The type long long int (a 64-bit or greater integer) has been an extension in some C compilers since the mid-1980s. It was added to C99 for several reasons: Note that long long is not part of the C++98 Standard, but it is increasingly common in C++ compilers. It is likely that a future revision of the C++ Standard will incorporate long long for compatibility with C. The types long long and unsigned long long are integer data types with at least 64 bits. They may be used wherever any integer type can be used. The header <limits.h> now defines the macros: Since long long and unsigned long long are at least 64 bits long, LLONG_MAX expands into a 19-digit number that starts with 9. LLONG_MIN expands into a negative 19-digit number. ULLONG_MAX expands into a 20-digit number. Of course, an implementation may use more than 64 bits for long long, and the above limits would be adjusted up as necessary.

long long 和 unsigned long long

    long long int 类型(至少64位的整型)自从80年代中期开始就已经存在于某些C编译器中的扩展中。把它加入C99中有几个理由:

    注意,long long 不是C++98标准的一部分,但是在C++编译器中越来越常见。很有可能,在C++标准未来的修订版本中将纳入 long long 来保持与C的兼容性。long long unsigned long long 是至少64位的整数数据类型。它们可以用于任何能够使用整型的地方。头文件 <limits.h> 现在定义了这些宏:

    因为 long long unsigned long long 的长度至少是64位,LLONG_MAX 被扩展为一个以9开头的19位数字。LLONG_MIN 被扩展为一个19位的负数。ULLONG_MAX 被扩展为一个20位的数字。当然,实现可以使 long long 大于64位,并按照需要调高限制。

long long constants

The new suffix ll or LL may be added to the end of an integer constant. Some examples: 7ll, 7LL, 07LL, 0x7ll. When added to a decimal integer constant, the constant has type long long. When added to an octal or hexadecimal integer constant, the constant has type long long if the constant can be represented, or unsigned long long if the constant is too big for long long. The ll and LL suffixes can be combined with the u and U suffixes to force the constant to have type unsigned long long. Some examples: 7Ull, 7LLu, 0x7llu, 07ULL. You need not use the new suffixes to have constants of type long long or unsigned long long. If an integer constant is too big to fit in any other type, it will have type long long or unsigned long long depending upon whether the constant was decimal versus octal or hexadecimal, and whether the u or U suffix was used or not. Next month's column will discuss this topic more fully, and explain how in a few very rare cases this may break old programs.

long long 常量

    新的后缀 llLL 可以添加到整数常量的后面。一些例子:7ll7LL07LL0x7ll。当添加到一个十进制整数常量时,该常量的类型是 long long。当添加到八进制或十六进制整数常量时,如果能够表示的话该常量的类型就是 long long ,如果这个常量对于 long long 来说太大了,它的类型就是 unsigned long longllLL 后缀可以跟 uU 后缀结合,强制该常量的类型为 unsigned long long。一些例子:7Ull7LLu0x7llu07ULL。你不一定要使用 long long 或者 unsigned long long 类型的常量。如果一个整数常量太大以致于不能使用其他类型,它的类型将是 long long 或者 unsigned long long ,取决于该常量是十进制还是八进制或十六进制,以及是否使用了 u U 后缀。下一个月的专栏将会更充分的讨论这些话题,并解释在一些非常罕见的情况的情况下,可能会破坏旧的程序。

Conversions

The usual arithmetic conversions work with long long and unsigned long long as you would suspect. If you add a long long and a smaller integer type, the result is long long.
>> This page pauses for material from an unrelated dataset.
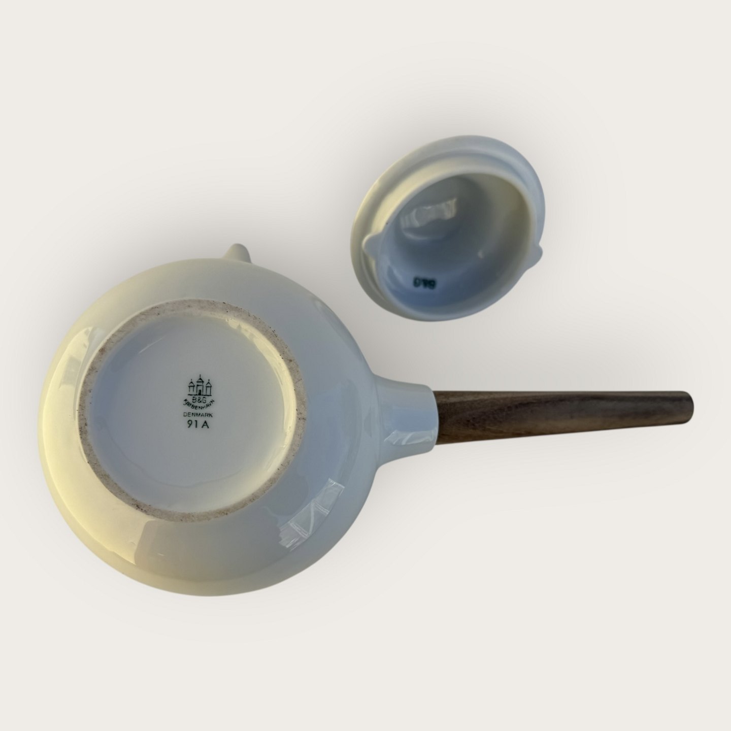 Bing & Grøndahl, Hvid Koppel, Tekande med håndtag i teak fra 1960'erne, Mål ca. 18x28cm, Design Henning Koppel *fin stand*Lager: 1
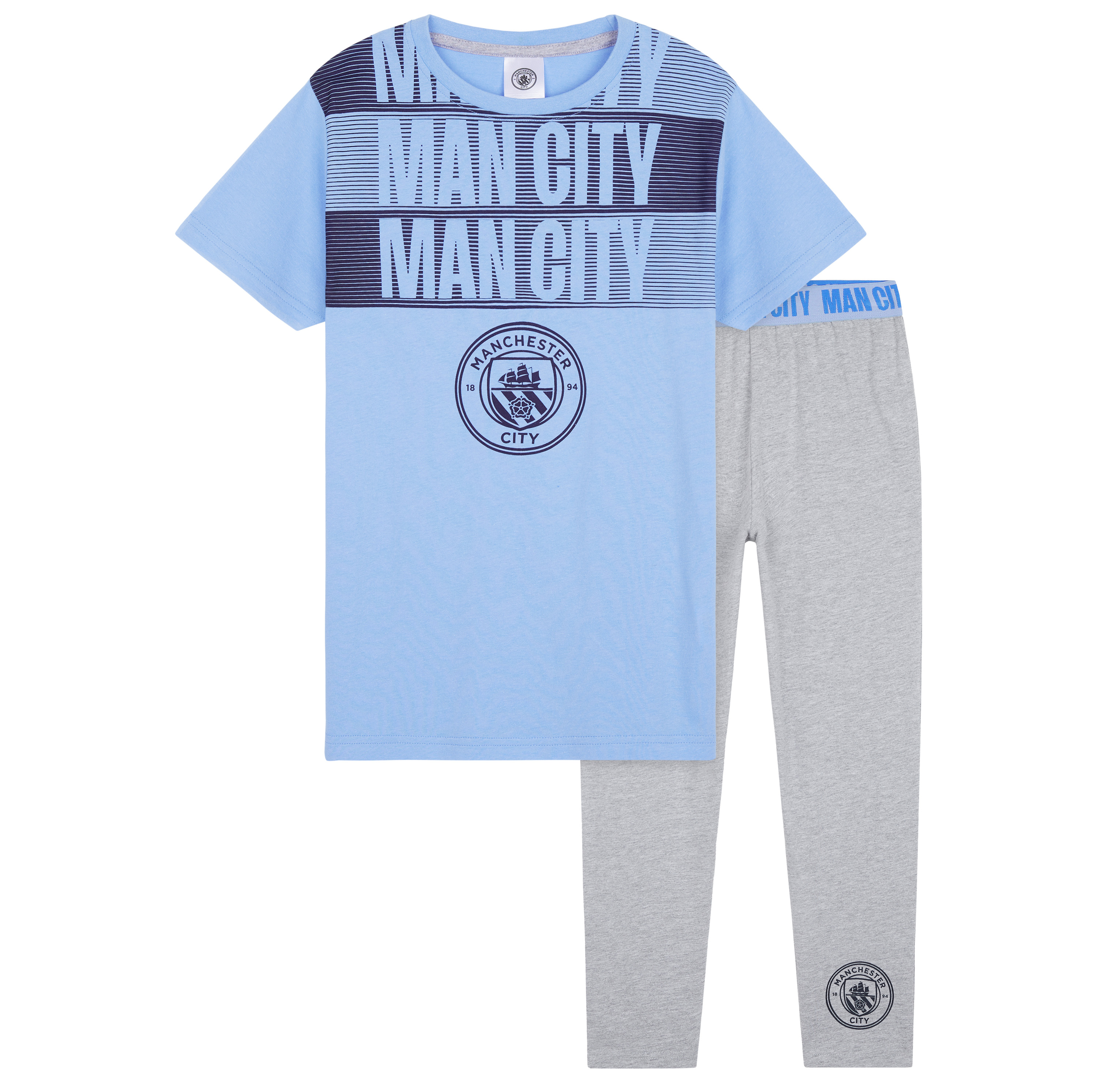 Manchester City Fc Kids Boys Pyjama Set - Bottoms And T-Shirt Short Sleeves

If you add unsigned long long to a smaller integer type, the result is unsigned long long. If you add long long and unsigned long long, the result is unsigned long long. If you add long long or unsigned long long to a floating-point type, the result has the same floating-point type.

转换

    对于 long longunsigned long long 常见的算数转换,就如你猜测的那样。如果你把一个 long long 跟 一个较小整数类型相加,结果是 long long。如果你把一个 unsigned long long 跟一个较小的整数类型相加,结果是 unsigned long long。如果你把一个 long long 跟一个 unsigned long long 相加,结果是 unsigned long long。如果你把一个 long long 或是 unsigned long long 跟一个浮点类型相加, 结果是相同的浮点类型。

Operations

Since long long and unsigned long long are integer types, they may be used wherever any integer type can be used. This means that all of the usual arithmetic operators work on them, and they can be converted to floating-point types, etc.

运算

    既然 long long 和 unsigned long long 都是整型,它们能够用在任何可以使用整型的地方。这意味着所有常见的算数运算都对它们起作用,它们也能够被转换成浮点类型,等等。

printf and scanf

In C99, the printf and scanf families of functions support an optional ll length modifier (note that it must be in lower case). The ll length modifier can appear immediately before the d, i, o, u, x, or X format conversion specifier characters. For the printf functions, this means that the item being printed is long long or unsigned long long. For the scanf functions, this means that the corresponding argument is a pointer to long long or unsigned long long. You may also use the ll length modifier before the n conversion specifier character in printf functions in order to store a count of the characters written thus far into a long long pointed to by the corresponding printf argument. For example:

printf 和 scanf

    在C99中,printf scanf 函数家族支持一个可选的 ll 长度修饰符(注意一定要小写)。这个 ll 长度修饰符可以直接出现在dioux 或是 X 格式转换说明字符前面。对于 printf 函数,这表示正在打印项目是 long long 或是 unsigned long long。对于 scanf 函数,这表示对应的参数是一个指向 long long 或者 unsigned long long 的指针。你也可以在 printf 函数的 n 转换说明符(即前面提到的dioux 或是 X)前面使用 ll 长度修饰符,来指明long long 对应的已经存储的printf参数的字符长度[b]。例如[c]
long long x;
scanf("%lld", &x);
printf("%19lld is hex %#llX\n", x, x);

Next Month

I have glossed over a few of the details concerning the rules giving the types of constants and the usual arithmetic conversions because they are best dealt with in next month's column. C99 permits implementations to add extra integer data types to the language, and the various rules concerning integers were generalized to handle the traditional integer types (char, short, int, long) and the new C99 integer types (long long and _bool) as well as implementation defined integers. Next month this will be covered, along with the new headers <inttypes.h> and <stdint.h>, which allow access to extended integers and which aid in increasing program portability.

下一个月

    我掩饰了一个有关规则提供的常量类型以及算术转换的细节,因为它们最好留待下一个月的专栏来解决。C99允许实现为语言添加额外的整数数据类型,各种有关整数的规则都被推广到处理传统整数类型(charshortintlong)和C99中新的整数类型(long long_bool),以及实现定义的整型。下一个月将涉及这些内容,同时还有新的头文件 <inttypes.h><stdint.h>,这两个头文件允许存取为了增加程序可移植性的扩展整型。

Own a copy of the Standard

You can now download a copy of the C99 Standard in Adobe PDF format for $18. (In contrast, a paper copy of the Standard costs $220!). Visit http://www.techstreet.com/ncitsgate.html, and enter 9899 in the first search box.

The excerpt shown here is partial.